Would you print the records below without changing anything?

-=-=-

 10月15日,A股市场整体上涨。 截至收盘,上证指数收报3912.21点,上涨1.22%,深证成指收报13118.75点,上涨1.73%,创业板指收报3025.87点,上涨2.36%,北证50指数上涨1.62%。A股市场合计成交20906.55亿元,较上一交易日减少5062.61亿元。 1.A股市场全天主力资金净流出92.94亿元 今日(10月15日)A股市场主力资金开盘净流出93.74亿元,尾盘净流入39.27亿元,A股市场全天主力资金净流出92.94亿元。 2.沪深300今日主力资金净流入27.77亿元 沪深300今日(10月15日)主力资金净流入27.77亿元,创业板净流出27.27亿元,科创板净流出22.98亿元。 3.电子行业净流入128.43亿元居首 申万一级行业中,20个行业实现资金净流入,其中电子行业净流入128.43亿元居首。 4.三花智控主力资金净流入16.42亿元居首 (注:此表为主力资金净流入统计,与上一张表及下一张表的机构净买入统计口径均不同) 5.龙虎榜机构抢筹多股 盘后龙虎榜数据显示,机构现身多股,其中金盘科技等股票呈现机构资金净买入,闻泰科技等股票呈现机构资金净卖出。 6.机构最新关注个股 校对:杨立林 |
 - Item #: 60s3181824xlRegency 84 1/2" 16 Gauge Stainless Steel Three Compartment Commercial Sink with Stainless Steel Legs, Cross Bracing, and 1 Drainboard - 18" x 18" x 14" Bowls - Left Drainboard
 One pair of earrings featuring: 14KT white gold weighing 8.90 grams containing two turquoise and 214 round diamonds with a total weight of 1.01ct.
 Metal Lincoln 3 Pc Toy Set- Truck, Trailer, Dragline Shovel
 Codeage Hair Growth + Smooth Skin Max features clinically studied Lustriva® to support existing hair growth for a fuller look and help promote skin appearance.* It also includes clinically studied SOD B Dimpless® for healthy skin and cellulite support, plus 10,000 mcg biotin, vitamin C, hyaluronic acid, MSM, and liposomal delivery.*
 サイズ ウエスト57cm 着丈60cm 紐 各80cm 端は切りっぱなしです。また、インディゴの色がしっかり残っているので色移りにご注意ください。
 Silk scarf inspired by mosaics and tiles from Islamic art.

-=-=-

_Solution below_.
 10月15日,A股市场整体上涨。 截至收盘,上证指数收报3912.21点,上涨1.22%,深证成指收报13118.75点,上涨1.73%,创业板指收报3025.87点,上涨2.36%,北证50指数上涨1.62%。A股市场合计成交20906.55亿元,较上一交易日减少5062.61亿元。 1.A股市场全天主力资金净流出92.94亿元 今日(10月15日)A股市场主力资金开盘净流出93.74亿元,尾盘净流入39.27亿元,A股市场全天主力资金净流出92.94亿元。 2.沪深300今日主力资金净流入27.77亿元 沪深300今日(10月15日)主力资金净流入27.77亿元,创业板净流出27.27亿元,科创板净流出22.98亿元。 3.电子行业净流入128.43亿元居首 申万一级行业中,20个行业实现资金净流入,其中电子行业净流入128.43亿元居首。 4.三花智控主力资金净流入16.42亿元居首 (注:此表为主力资金净流入统计,与上一张表及下一张表的机构净买入统计口径均不同) 5.龙虎榜机构抢筹多股 盘后龙虎榜数据显示,机构现身多股,其中金盘科技等股票呈现机构资金净买入,闻泰科技等股票呈现机构资金净卖出。 6.机构最新关注个股 校对:杨立林 |
 - Item #: 60s3181824xlRegency 84 1/2" 16 Gauge Stainless Steel Three Compartment Commercial Sink with Stainless Steel Legs, Cross Bracing, and 1 Drainboard - 18" x 18" x 14" Bowls - Left Drainboard
 One pair of earrings featuring: 14KT white gold weighing 8.90 grams containing two turquoise and 214 round diamonds with a total weight of 1.01ct.
 Metal Lincoln 3 Pc Toy Set- Truck, Trailer, Dragline Shovel
 Codeage Hair Growth + Smooth Skin Max features clinically studied Lustriva® to support existing hair growth for a fuller look and help promote skin appearance.* It also includes clinically studied SOD B Dimpless® for healthy skin and cellulite support, plus 10,000 mcg biotin, vitamin C, hyaluronic acid, MSM, and liposomal delivery.*
 サイズ ウエスト57cm 着丈60cm 紐 各80cm 端は切りっぱなしです。また、インディゴの色がしっかり残っているので色移りにご注意ください。
 Silk scarf inspired by mosaics and tiles from Islamic art.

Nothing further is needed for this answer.